“我知道。”
葉千寵謙虛地低下頭,說:“我配不上白朗,我想請婆婆讓我和白朗離婚,好讓白朗娶個更有前途的好妻子。”
“嗬!配不上!虧你還知道你配不上!”
白夫人冷笑著說:“當年你們要結婚的時候,我就說過你這個女人配不上我們兒子,可惜阿郎鐵了心要娶你,搞得我這個母親很被動!還好你們結婚以後立刻鬧隱婚,也沒搞出孩子,不然的話,我可得糟心到死去活來!”
“原來婆婆你也一直都希望我和白朗離婚,”葉千寵順著白夫人的意思說,“那就趁這機會把離婚的事情辦掉吧。”
“離婚?”
白夫人臉色一變,說:“我什麽時候答應讓你們離婚!”
“你剛才說——”
“我是不待見你們!不想你們結婚!但是既然你們已經結婚!我就不許你們離婚!”
白夫人再次展露潑婦氣質:“我兒子金貴得很,哪裏是你想要結婚就能結婚!想要離婚就能離婚!”
“可是——”
“沒有可是!”
白夫人說:“我上次就和你說過!你生是我們白家的人!死是我們白家的死人!就算我兒子願意和你離婚,離婚以後,你也得留在我們白家做傭人!這是你欠我們的!”
“白夫人!”
葉千寵氣得不行。
她知道白夫人是個潑婦,但他沒想到白夫人可以潑辣蠻橫到這地步。
白夫人看葉千寵一臉不服,又進一步刻薄說:“怎麽?對我有意見?你有什麽資格對我有意見!當年你和你娘像敗家犬一樣求我們白家收留!就差賣給我們白家!白家心善,留下你們母女!可不是讓你們在我們白家做少奶奶做小姐享福的!”

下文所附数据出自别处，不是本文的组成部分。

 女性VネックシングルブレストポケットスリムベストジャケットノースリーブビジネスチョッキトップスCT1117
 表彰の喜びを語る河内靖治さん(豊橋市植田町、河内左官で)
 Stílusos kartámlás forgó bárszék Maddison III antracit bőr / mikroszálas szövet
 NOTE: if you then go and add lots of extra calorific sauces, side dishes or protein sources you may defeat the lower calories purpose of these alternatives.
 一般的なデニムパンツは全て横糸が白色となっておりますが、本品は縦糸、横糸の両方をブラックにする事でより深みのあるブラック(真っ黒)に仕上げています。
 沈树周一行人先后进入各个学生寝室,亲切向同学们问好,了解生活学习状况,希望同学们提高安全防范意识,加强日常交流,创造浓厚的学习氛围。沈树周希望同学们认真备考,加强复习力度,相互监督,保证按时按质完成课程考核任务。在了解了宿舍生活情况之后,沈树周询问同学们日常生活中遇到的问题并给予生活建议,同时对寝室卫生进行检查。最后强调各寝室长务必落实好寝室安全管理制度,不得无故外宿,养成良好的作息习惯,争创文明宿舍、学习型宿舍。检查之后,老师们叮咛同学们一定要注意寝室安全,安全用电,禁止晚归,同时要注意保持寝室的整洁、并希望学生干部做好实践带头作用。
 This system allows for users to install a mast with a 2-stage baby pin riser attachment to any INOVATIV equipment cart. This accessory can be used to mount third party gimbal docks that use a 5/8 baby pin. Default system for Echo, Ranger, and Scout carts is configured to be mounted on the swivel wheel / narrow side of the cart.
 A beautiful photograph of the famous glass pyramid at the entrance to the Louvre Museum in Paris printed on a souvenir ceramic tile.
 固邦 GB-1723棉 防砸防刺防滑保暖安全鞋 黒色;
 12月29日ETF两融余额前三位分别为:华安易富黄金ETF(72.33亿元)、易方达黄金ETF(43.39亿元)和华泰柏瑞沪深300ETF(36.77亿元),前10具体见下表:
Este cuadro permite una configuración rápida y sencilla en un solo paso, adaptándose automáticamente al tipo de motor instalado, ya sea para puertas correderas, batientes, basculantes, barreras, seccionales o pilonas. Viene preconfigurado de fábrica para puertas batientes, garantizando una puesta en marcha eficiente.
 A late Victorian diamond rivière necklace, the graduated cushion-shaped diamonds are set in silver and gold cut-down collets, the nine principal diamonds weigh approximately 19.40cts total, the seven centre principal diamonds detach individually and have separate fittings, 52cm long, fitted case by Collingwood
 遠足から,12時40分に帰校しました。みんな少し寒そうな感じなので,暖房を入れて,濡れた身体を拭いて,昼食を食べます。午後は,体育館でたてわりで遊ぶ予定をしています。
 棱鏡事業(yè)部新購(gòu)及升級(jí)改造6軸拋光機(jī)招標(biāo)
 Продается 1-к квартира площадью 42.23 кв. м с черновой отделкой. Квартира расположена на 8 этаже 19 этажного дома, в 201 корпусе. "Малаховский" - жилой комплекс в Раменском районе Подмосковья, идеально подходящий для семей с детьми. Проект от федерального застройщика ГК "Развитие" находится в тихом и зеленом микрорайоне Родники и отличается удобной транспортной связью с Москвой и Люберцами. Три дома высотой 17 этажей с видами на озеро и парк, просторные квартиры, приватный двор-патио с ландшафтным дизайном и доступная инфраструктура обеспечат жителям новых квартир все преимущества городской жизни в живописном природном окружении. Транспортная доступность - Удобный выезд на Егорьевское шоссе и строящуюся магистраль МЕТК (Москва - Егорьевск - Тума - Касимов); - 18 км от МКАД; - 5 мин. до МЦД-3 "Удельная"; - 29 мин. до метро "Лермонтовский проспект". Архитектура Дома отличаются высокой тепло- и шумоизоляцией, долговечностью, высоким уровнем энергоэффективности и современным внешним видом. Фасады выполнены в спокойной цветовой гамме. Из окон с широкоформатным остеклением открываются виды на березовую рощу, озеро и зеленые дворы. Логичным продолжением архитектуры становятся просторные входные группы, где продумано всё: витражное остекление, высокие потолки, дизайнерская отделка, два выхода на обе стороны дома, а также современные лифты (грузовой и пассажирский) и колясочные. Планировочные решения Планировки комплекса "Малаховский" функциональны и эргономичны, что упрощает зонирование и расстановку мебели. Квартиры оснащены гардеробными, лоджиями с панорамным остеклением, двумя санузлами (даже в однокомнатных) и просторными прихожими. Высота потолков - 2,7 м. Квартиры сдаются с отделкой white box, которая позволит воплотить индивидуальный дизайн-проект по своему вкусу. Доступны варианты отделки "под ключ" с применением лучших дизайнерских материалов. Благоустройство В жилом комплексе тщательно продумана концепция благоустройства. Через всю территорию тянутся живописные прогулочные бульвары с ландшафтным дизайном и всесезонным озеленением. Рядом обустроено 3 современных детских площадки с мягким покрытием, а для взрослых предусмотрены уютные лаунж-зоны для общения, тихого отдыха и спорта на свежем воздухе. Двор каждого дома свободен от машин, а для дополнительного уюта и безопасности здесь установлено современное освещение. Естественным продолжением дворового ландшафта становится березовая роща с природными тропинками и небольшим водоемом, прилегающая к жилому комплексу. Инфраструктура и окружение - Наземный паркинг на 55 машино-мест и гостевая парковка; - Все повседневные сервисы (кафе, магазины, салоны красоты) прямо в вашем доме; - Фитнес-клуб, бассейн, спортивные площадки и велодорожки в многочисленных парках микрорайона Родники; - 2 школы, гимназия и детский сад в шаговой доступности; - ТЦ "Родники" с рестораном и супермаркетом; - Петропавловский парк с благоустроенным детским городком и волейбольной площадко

“當年的求助,我母親已經給了足夠的報酬,請你不要太得寸進尺。”
葉千寵強忍著憤怒,好心好意的解釋著。
白夫人可不管那麽多。
她衝葉千寵狠翻著白眼,說:“什麽叫給了足夠的報酬!什麽叫得寸進尺!你媽已經死了!死人有什麽資格要求活人!我就一句話!你,葉千寵,死都不可以離開我們白家!”
“白夫人!”
葉千寵握緊拳頭。
她的忍耐已經到了極限。
白夫人此時也發現葉千寵已經忍無可忍將要發作,趕緊躲到一旁冷眼旁觀的兒子身後,說著煽風點火的話:“阿朗!這個女人好像有點不對勁!是不是吃錯藥了?”
“你才是吃錯藥!”
葉千寵正麵頂撞白夫人。
白朗不說話,靜靜地看著葉千寵。
白夫人心頭著急,大喊:“有你這麽對長輩說話的嗎!”
“我已經忍無可忍!”
葉千寵痛苦的表示。
白夫人擔心葉千寵爆發,抓著兒子的肩膀說:“阿朗!快點幫你媽教訓這個不要臉的女人!簡直是翻天了!這種口氣和長輩說話!”
“媽!”
白朗無語。
他看到本該被青田鎮苦主抓去折磨的葉千寵不僅安然無恙的回來並且還牽著路家小太子的時候,已經內心無限起伏,隻想找個地方和葉千寵好好談一下,確定她和路璟修到底什麽關係。
誰曾想,他還沒找到機會和葉千寵細細談話,他母親就開始張口閉口的罵人話!
思來想去——
白朗拉葉千寵到一旁,說:“千千,你怎麽和路家小太子在一起?你們是不是……”
“你說呢?”
葉千寵回想被人抓去破舊倉庫的悲慘記憶,心裏哇涼一片:“你跟我說實話!你是不是早就知道青田鎮的人會找我!所以你才讓我盡快離開?”
“我……”
“說啊!”
“我收到了一點風聲。”
白朗拒絕承認是他暗示公司的人引導青田鎮的苦主們找葉千寵。
“收到?一點風聲?”
葉千寵挑眉:“你從一開始就是故意的!對不對!”
“是又怎麽樣?!”
白朗冷笑,威逼地看著葉千寵:“你敢說你從來都沒有做過對不起我的事情!”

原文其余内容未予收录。